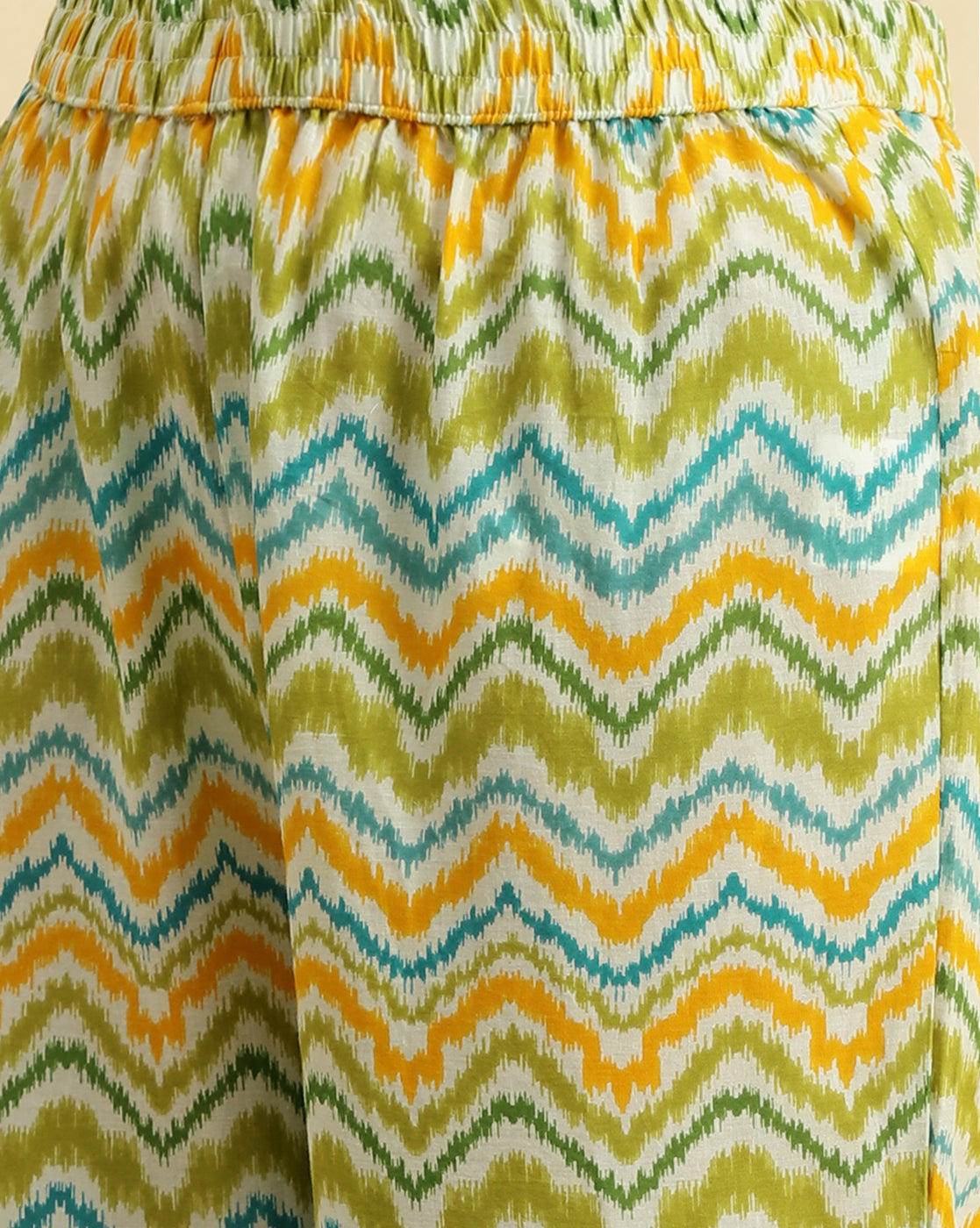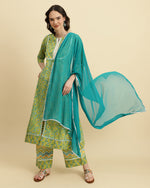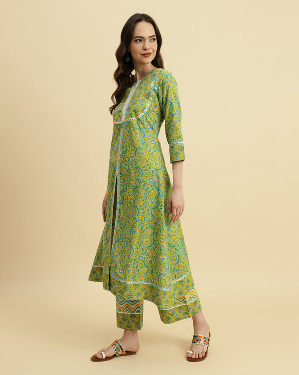green floral printed a-line kurta with yoke design and embellished with gota and mirror lace,kurta paired with palazzo and chiffon dupatta,3/4th sleeves , round neckline
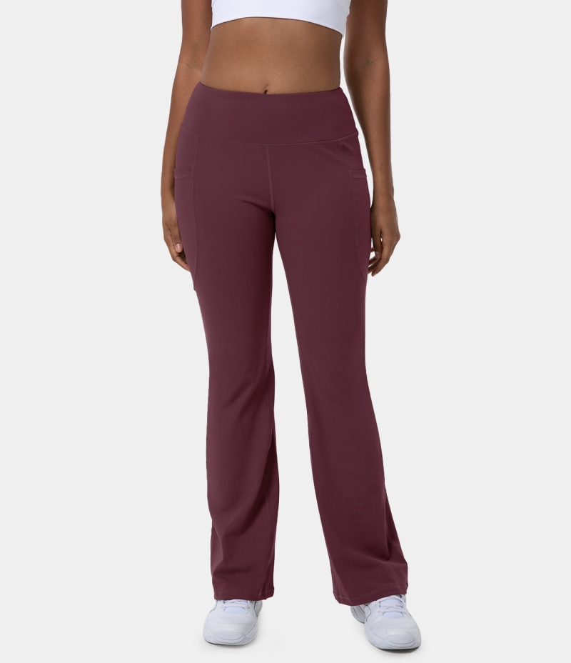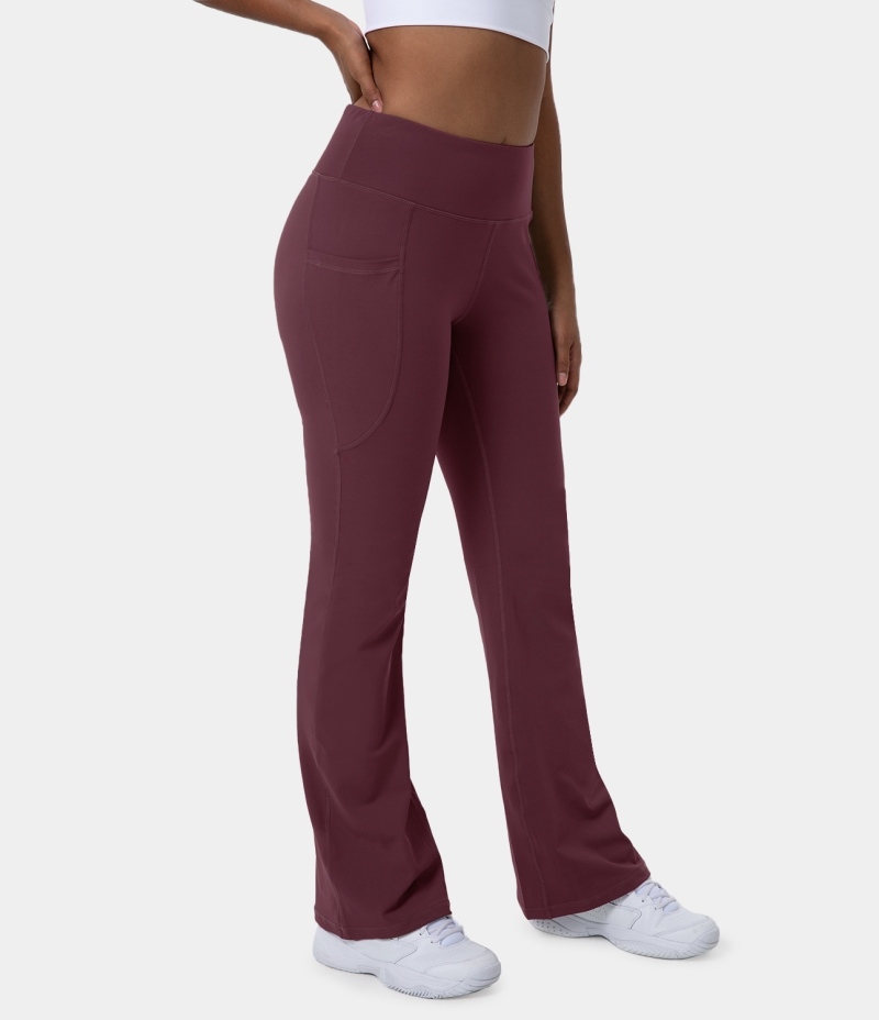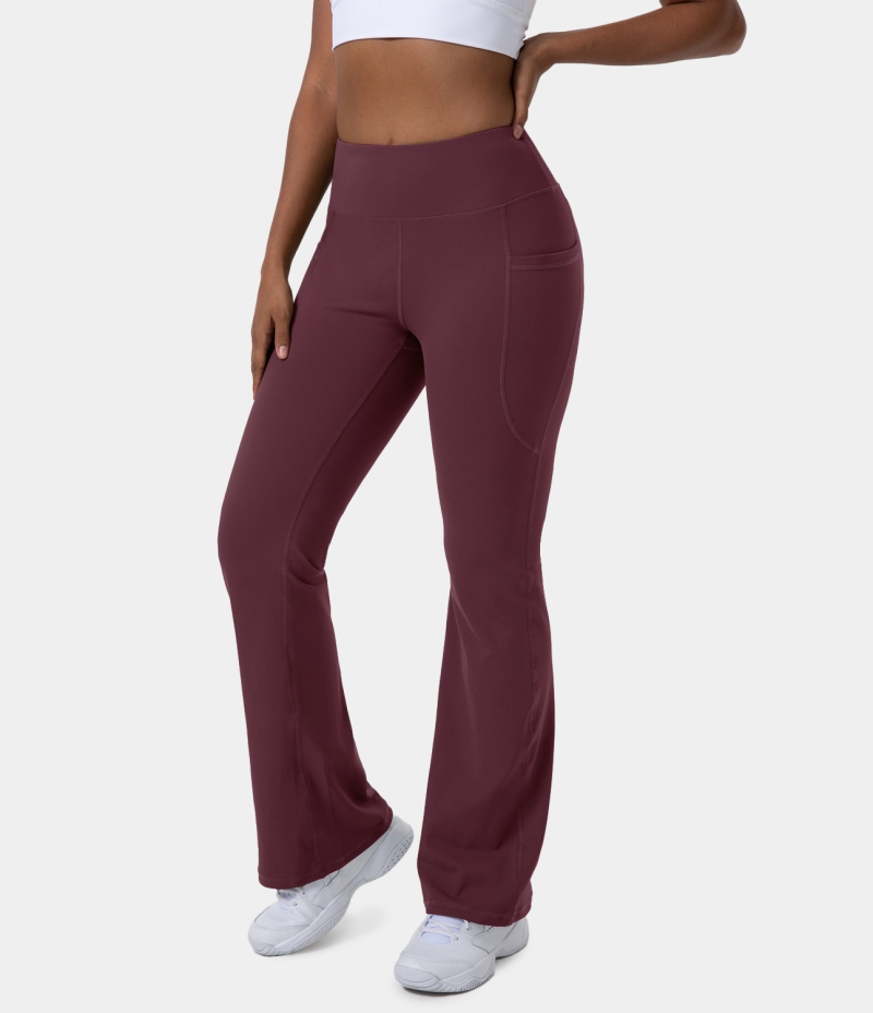 :: Halara High Waisted Side Pocket Slight Flare Women's Leggings Red Violet | 148376-ELO
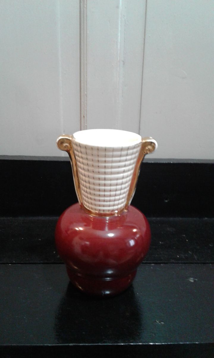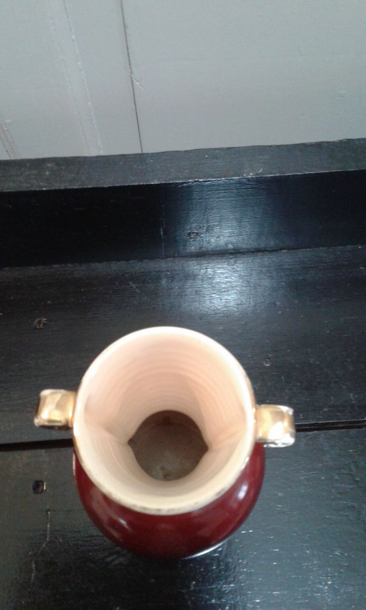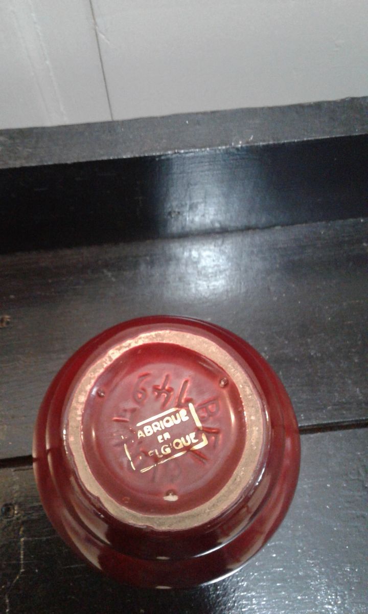 Vase en ceramique estampillé et numéroté provenance Belgique, il est en bonne état à noté petite usure de la dorure sur les anses' Il a un diamètre de 26 et 38 sur le bas.
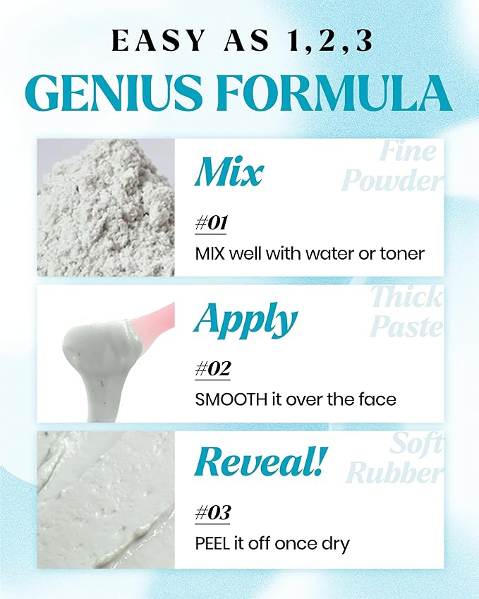 - EASY AS 1,2,3! Mix powder and water 1:1 in a mini bowl (1 spoon covers your face). Spread evenly with the spatula, applying a thicker edge for easy peeling. Leave on for 15β20 mins, peel off, and wipe residue with a cotton pad. Finish with moisturizer. 40 uses per 2.2 lb package!
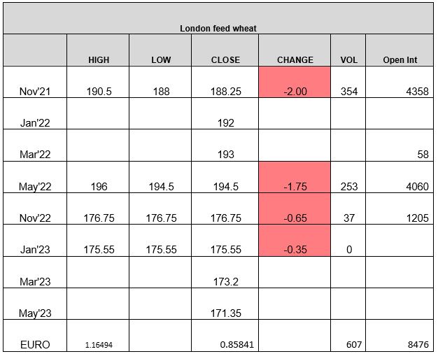 US markets were closed today for Labour day. European wheat futures under pressure, with both Paris and London drifting lower. It was a relatively slow day with the US markets closed and traders awaiting the WASDE crop estimates later this week, due on 10th September. Paris Dec-21 milling wheat settled down €2.25/t on Friday at €244.50/t. Data from clearing house LCH showed storage certificates for 141,000t of wheat had been submitted so far for physical delivery against the September contract. Traders are continuing to assess French wheat quality with French traders now chasing German milling wheat, with some traders offering to pay €10/t over Paris Dec-21 for milling wheat for September delivery (Reuters). After Algeria reportedly eased test weights, traders are watching to see how large volumes of wheat due to be shipped to China would be executed. UK feed wheat futures followed Paris, Nov-21 settling down £2.00/t on Friday at £188.25/t. UK harvest continues to roll with farmers trying to catch up with the dry weather forecast.
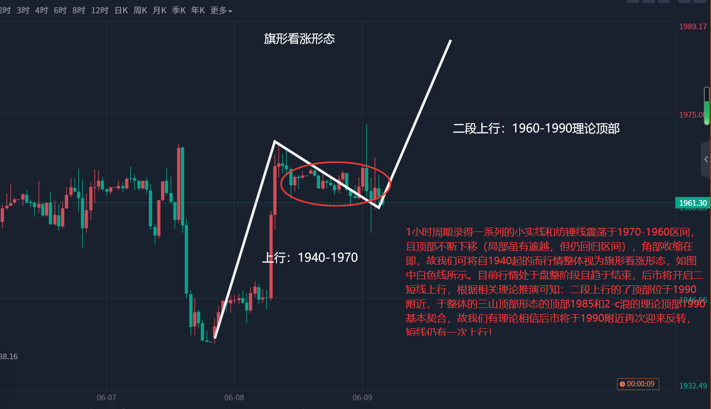 黄金走势分析 盘面分析: 1小时周期录得一系列的小实线和纺锤线震荡于1970-1960区间且顶部不断下移 (局部虽有逾越,但仍回归区间),角部收缩在即,故我们可将自1940起的而行情整体视为旗形看涨形态,如图中白色线所示。目前行情处于盘整阶段且趋于结束,后市将开启二短线上行,根据相关理论推演可知:二段上行的理论顶部位于1990附近,于整体的三山顶部形态的顶部1985和2-c浪的理论顶部1990基本契合,故我们有理论相信后市将于1990附近再次迎来反转,短线仍有一次上行!4小时周期录得大阳构筑塔形底部形态后,后续录得一系列的纺锤线呈震荡,但行情依旧站稳于中轨之上,短线仍有上行动能!日线周期局部

----------------------------------------

**Exercise goal**
All of the records above should be returned exactly, though the pictures should not.

**Output of the exercise**
green floral printed a-line kurta with yoke design and embellished with gota and mirror lace,kurta paired with palazzo and chiffon dupatta,3/4th sleeves , round neckline
 :: Halara High Waisted Side Pocket Slight Flare Women's Leggings Red Violet | 148376-ELO
 Vase en ceramique estampillé et numéroté provenance Belgique, il est en bonne état à noté petite usure de la dorure sur les anses' Il a un diamètre de 26 et 38 sur le bas.
 - EASY AS 1,2,3! Mix powder and water 1:1 in a mini bowl (1 spoon covers your face). Spread evenly with the spatula, applying a thicker edge for easy peeling. Leave on for 15β20 mins, peel off, and wipe residue with a cotton pad. Finish with moisturizer. 40 uses per 2.2 lb package!
 US markets were closed today for Labour day. European wheat futures under pressure, with both Paris and London drifting lower. It was a relatively slow day with the US markets closed and traders awaiting the WASDE crop estimates later this week, due on 10th September. Paris Dec-21 milling wheat settled down €2.25/t on Friday at €244.50/t. Data from clearing house LCH showed storage certificates for 141,000t of wheat had been submitted so far for physical delivery against the September contract. Traders are continuing to assess French wheat quality with French traders now chasing German milling wheat, with some traders offering to pay €10/t over Paris Dec-21 for milling wheat for September delivery (Reuters). After Algeria reportedly eased test weights, traders are watching to see how large volumes of wheat due to be shipped to China would be executed. UK feed wheat futures followed Paris, Nov-21 settling down £2.00/t on Friday at £188.25/t. UK harvest continues to roll with farmers trying to catch up with the dry weather forecast.
 黄金走势分析 盘面分析: 1小时周期录得一系列的小实线和纺锤线震荡于1970-1960区间且顶部不断下移 (局部虽有逾越,但仍回归区间),角部收缩在即,故我们可将自1940起的而行情整体视为旗形看涨形态,如图中白色线所示。目前行情处于盘整阶段且趋于结束,后市将开启二短线上行,根据相关理论推演可知:二段上行的理论顶部位于1990附近,于整体的三山顶部形态的顶部1985和2-c浪的理论顶部1990基本契合,故我们有理论相信后市将于1990附近再次迎来反转,短线仍有一次上行!4小时周期录得大阳构筑塔形底部形态后,后续录得一系列的纺锤线呈震荡,但行情依旧站稳于中轨之上,短线仍有上行动能!日线周期局部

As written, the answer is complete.